- **Task brief**: Wherever pictures appear in the listing below, leave them out, and copy exactly, and only, everything from the line with "1. 빵 양상추 패티" down to the line with "GREENON 智慧型環保筆".
+++ Exercise material
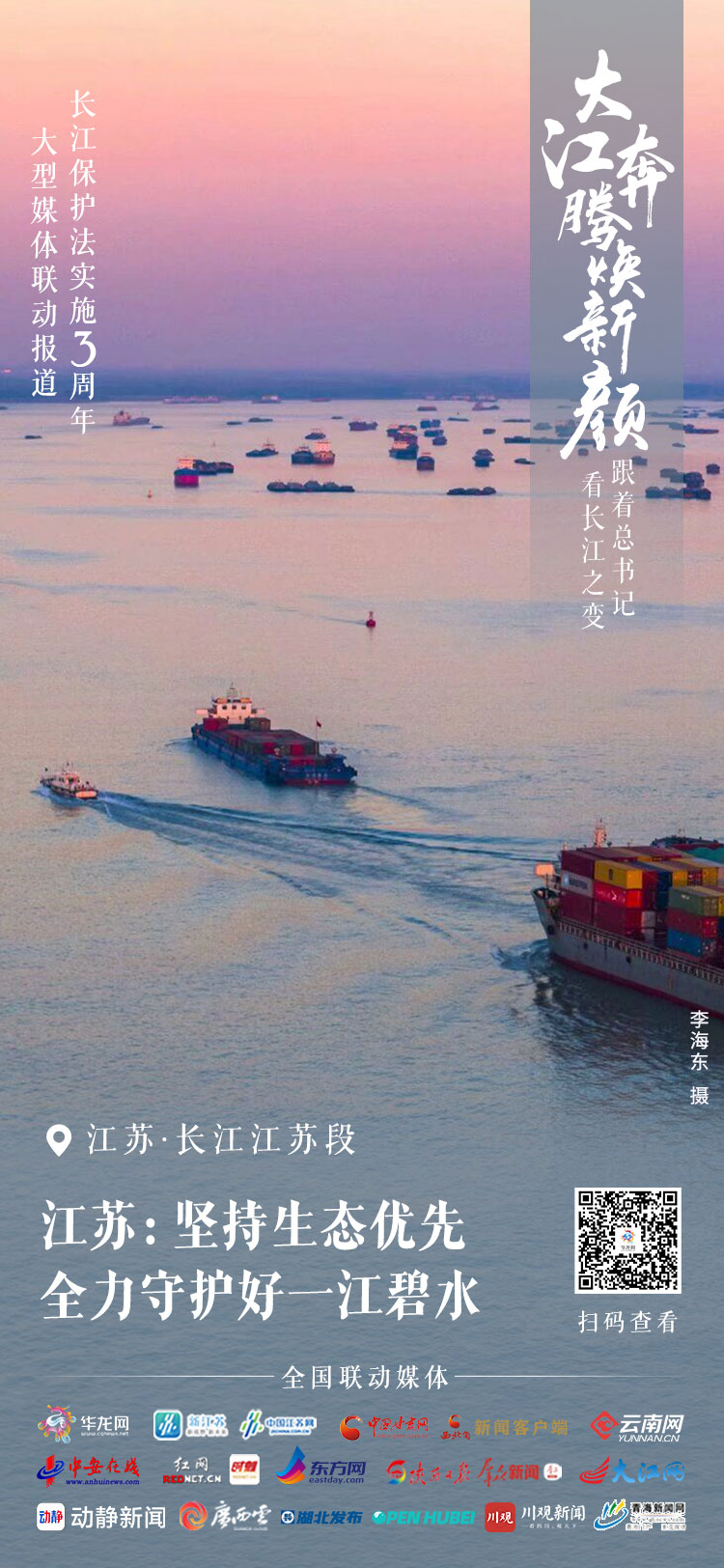 2024年3月1日,《中华人民共和国长江保护法》实施三周年之际,全国两会前夕,华龙网联动长江流域各主流媒体,携手推出“大江奔腾焕新颜 跟着总书记看长江之变”系列融媒体报道,见证一江碧水展新颜。
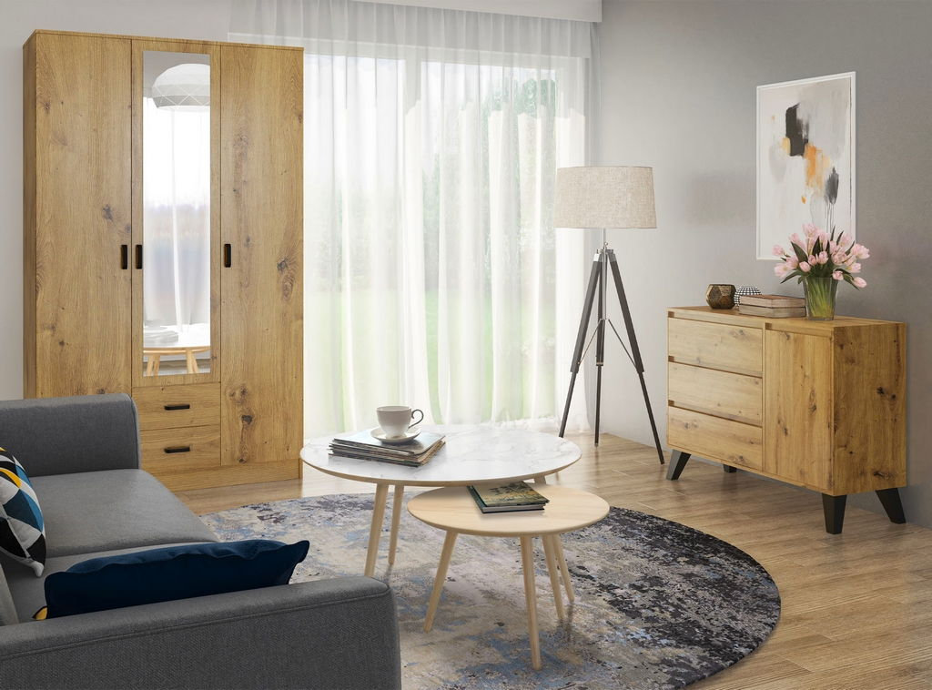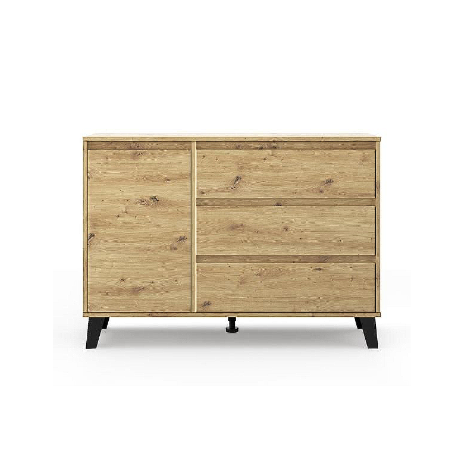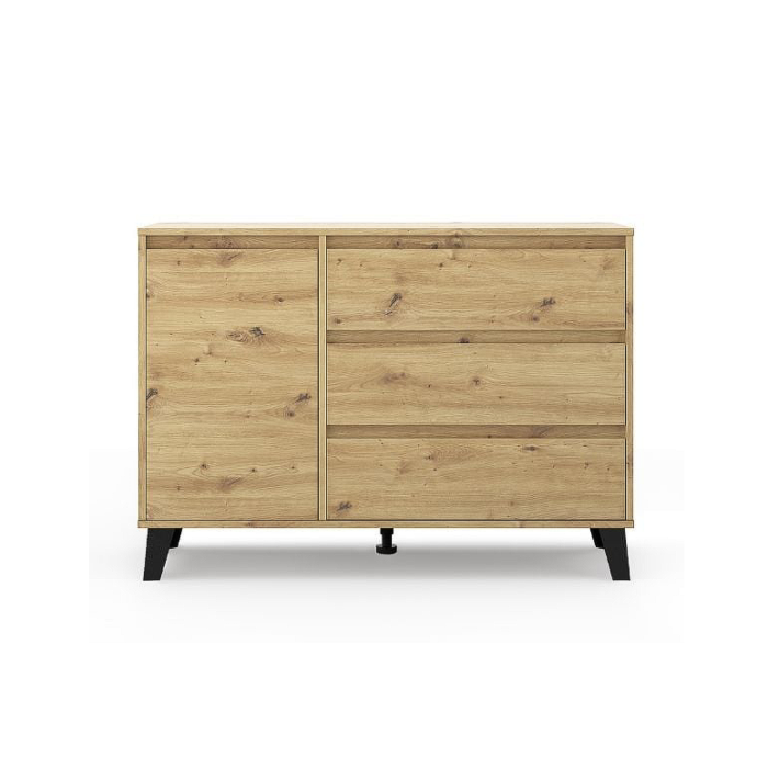 Comoda BORG în decor stejar artisan cu ușa și 3 sertare este o soluție ideală pentru cei care caută o piesă de mobilier practică și stilată pentru depozitare. Datorită construcției sale, oferă un spațiu generos pentru organizarea hainelor, lenjeriei, accesoriilor sau documentelor.
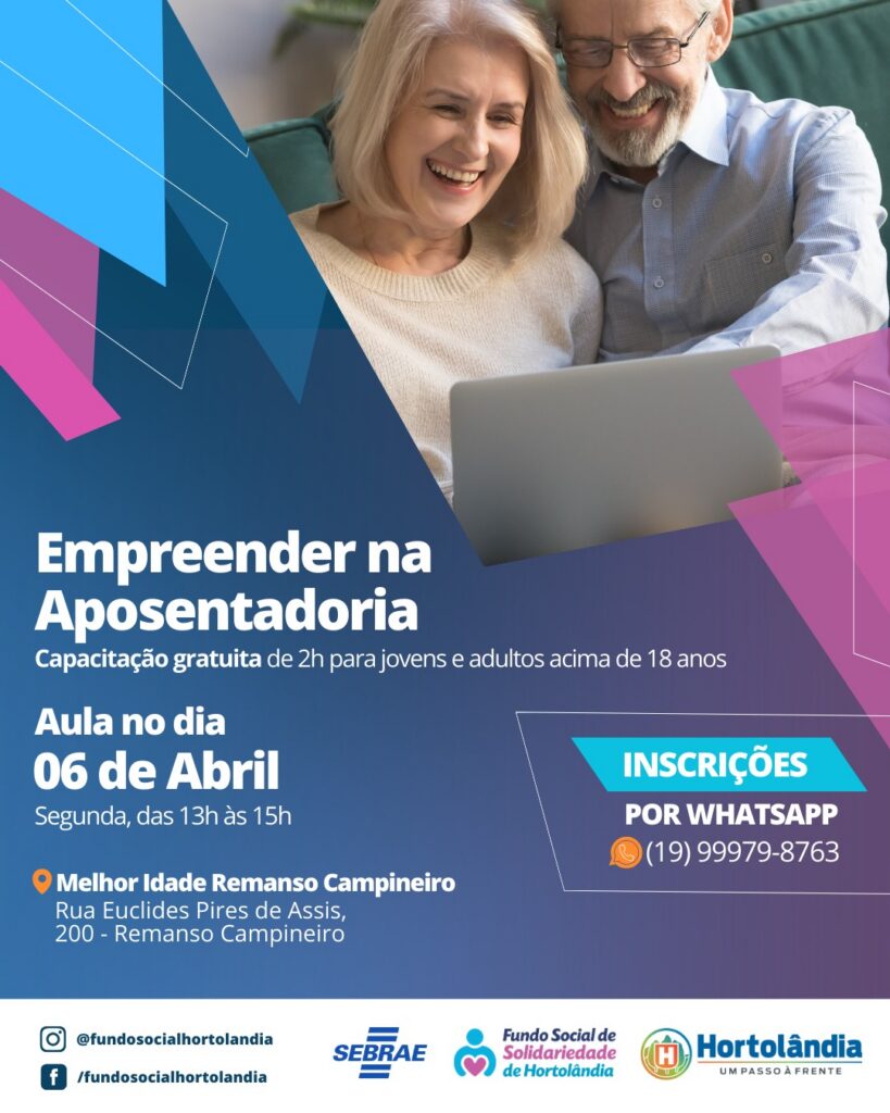 “Empreender na aposentadoria” (2 horas), em parceria com o Sebrae
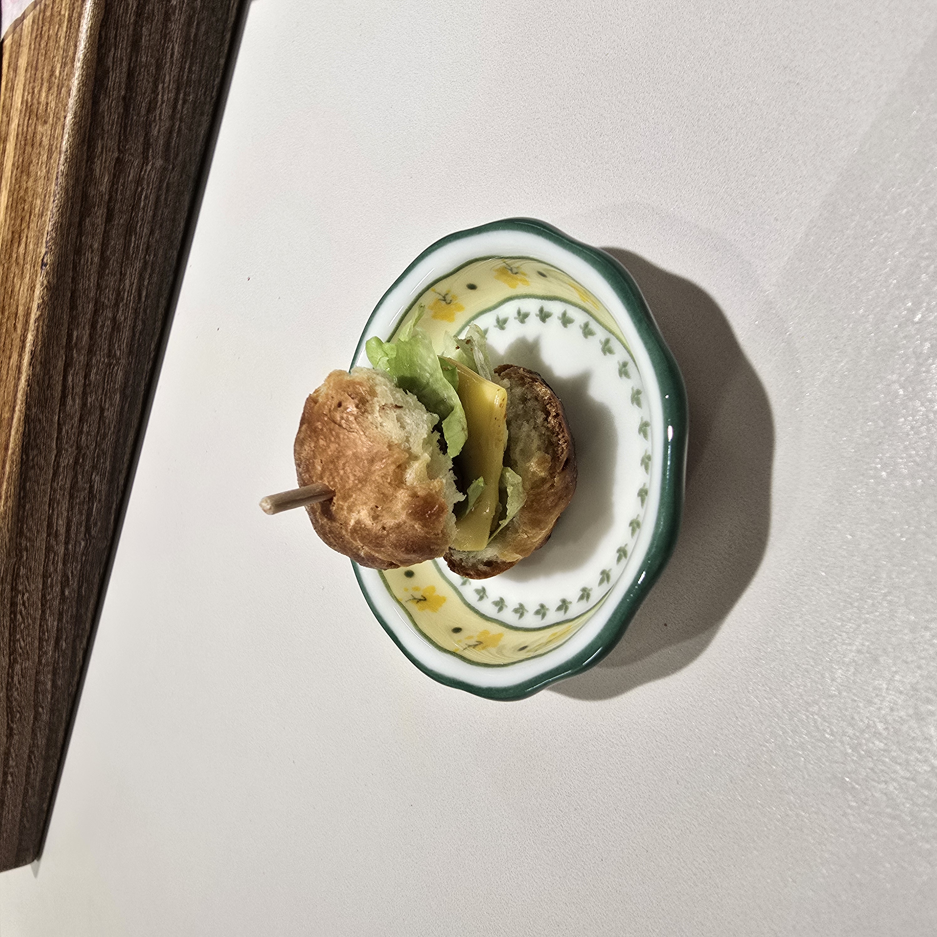 1. 빵 양상추 패티 치즈 양파 양상추 패티 빵 순서대로 얹어줍니다. (중심을 위해 꼬치를 껴주었습니다)
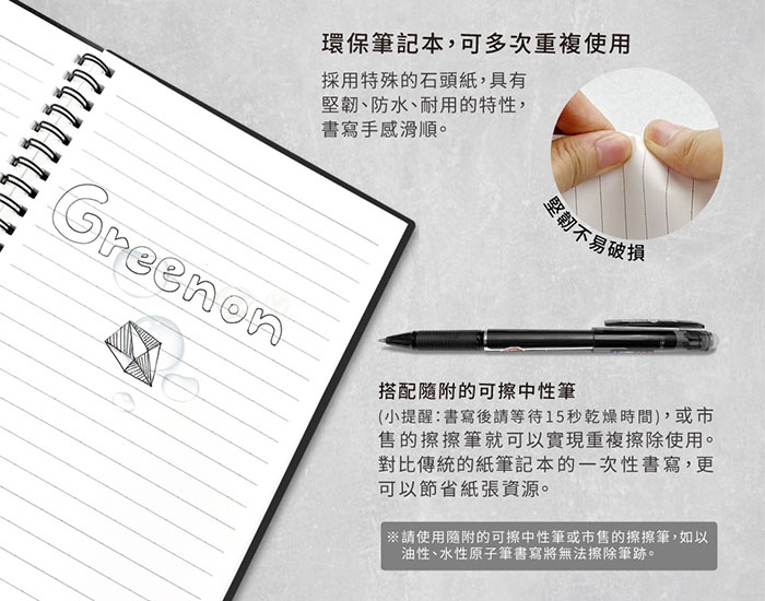 GREENON 智慧型環保筆記本採用特殊的石頭紙,具有堅韌、防水、耐用的特性,書寫手感滑順。搭配隨附的可擦中性筆(小提醒:書寫後請等待15秒乾燥時間),或市售的擦擦筆就可以實現重複擦除使用。對比傳統的紙筆記本的一次性書寫,更可以節省紙張資源。
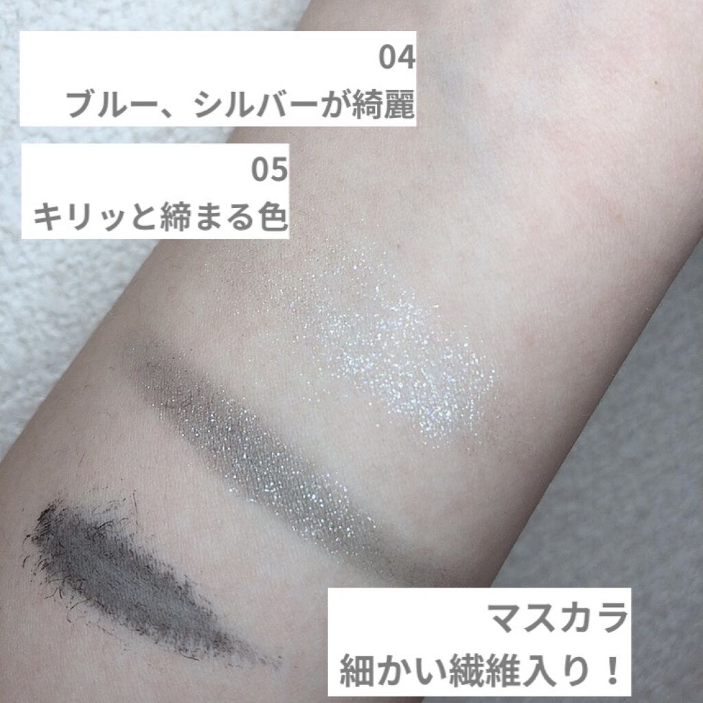 ベースのマットなブラウンは柔らかい発色で、色の調節がしやすいです! 濃くしたい人はとことん濃くつけれる気がします🙆♀️ 少しメタリックなレッドのカラーは、しっかり色を出せるので目尻の際に濃いめに入れるのが私のお気に入りです🐰 ラメはシルバー強めのしっかりキラキララメです🌟 最後にひと塗りするだけで雰囲気が変わるのでとても好きです♡ ハイライトはバームタイプで、アイシャドウベースとして仕込むのもありかなと思っています! 上から艶を乗せるという発想が新しくてつい使っちゃいます🥰
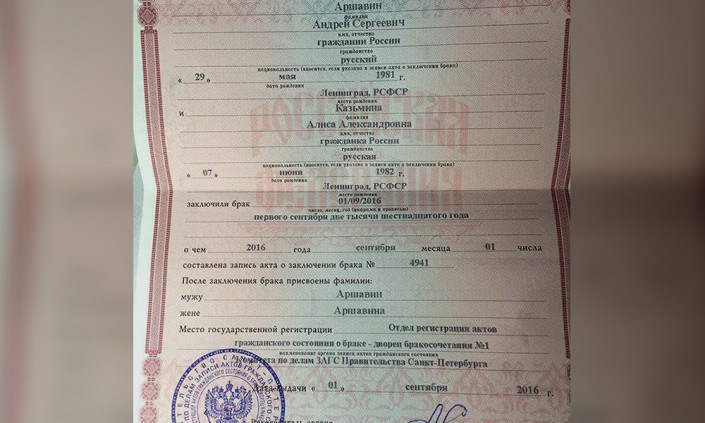 Для Аршавина это первые официально зарегистрированные отношения. Ранее спортсмен состоял лишь в гражданском браке Юлией Барановской. Пара жила вместе девять лет, за это время у них родились трое детей. В 2012 году Аршавин и Барановская расстались.
++++++
- **Response for this exercise**:
 1. 빵 양상추 패티 치즈 양파 양상추 패티 빵 순서대로 얹어줍니다. (중심을 위해 꼬치를 껴주었습니다)
 GREENON 智慧型環保筆記本採用特殊的石頭紙,具有堅韌、防水、耐用的特性,書寫手感滑順。搭配隨附的可擦中性筆(小提醒:書寫後請等待15秒乾燥時間),或市售的擦擦筆就可以實現重複擦除使用。對比傳統的紙筆記本的一次性書寫,更可以節省紙張資源。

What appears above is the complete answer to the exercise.